A near-record number of entrants – 71,897 – took the Level I, II, and III exams leading to the qualification, which is often a prerequisite for financial professionals in investment management, investment banking and financial analysis of stocks, bond and derivatives.

Europe led the way with a 47% pass rate of its 11,732 candidates, even though it had less than half the number of candidates of the US, where 23,221 participants achieved a 44% success rate. But just 28% of the 3,477 examinees in Africa and the Middle East passed the test.

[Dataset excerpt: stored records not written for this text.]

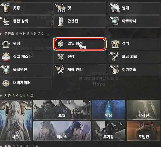 메뉴 중간 쯤에 있는 ‘일일 던전’을 클리어하여 진행할 수 있습니다.
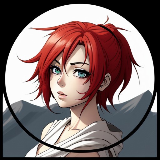 ink. Beautiful girl redhead anime style. Shapes and dynamic in background Outlines -- --
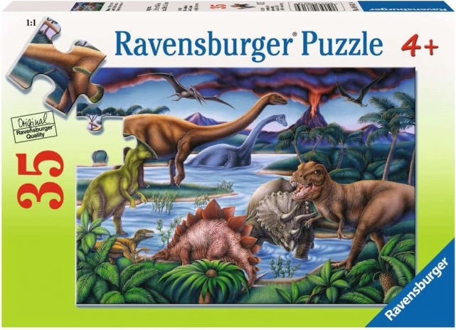 Sestavljanka "Dinosaur Playground" znamke Ravensburger otrokom nudi zabavno in poučno dejavnost. Po sestavitvi prikaže prizor z dinozavri, kot so T-Rex, Stegozaver in Triceratops ob vodni površini, kar bo navdušilo mlade ljubitelje prazgodovine.

Overall, the results were below the average pass rates since the CFA’s inception in 1963. The Level I and Level II global pass rates were both 40% (average 46% and 51%, respectively), and 50% passed the final Level III (average 67%).

Of all those who passed Level III since 2004, just 12% have opted to specialise in risk management. It is the least popular career path chosen by CFA charterholders – 29% have gone into equity analysis and valuation strategy and 25% have entered portfolio management.

All those who sit for the CFA must have at least four years’ experience in the investment industry, must become a member of the CFA Institute and must sign a commitment to abide by its Code of Ethics and Standards of Professional Conduct.

Jeff Diermeier, CFA president and CEO of CFA Institute, said: “The CFA programme is for the serious investment professional. This is an important fact for investors to remember, especially with the current proliferation of less rigorous credentials.”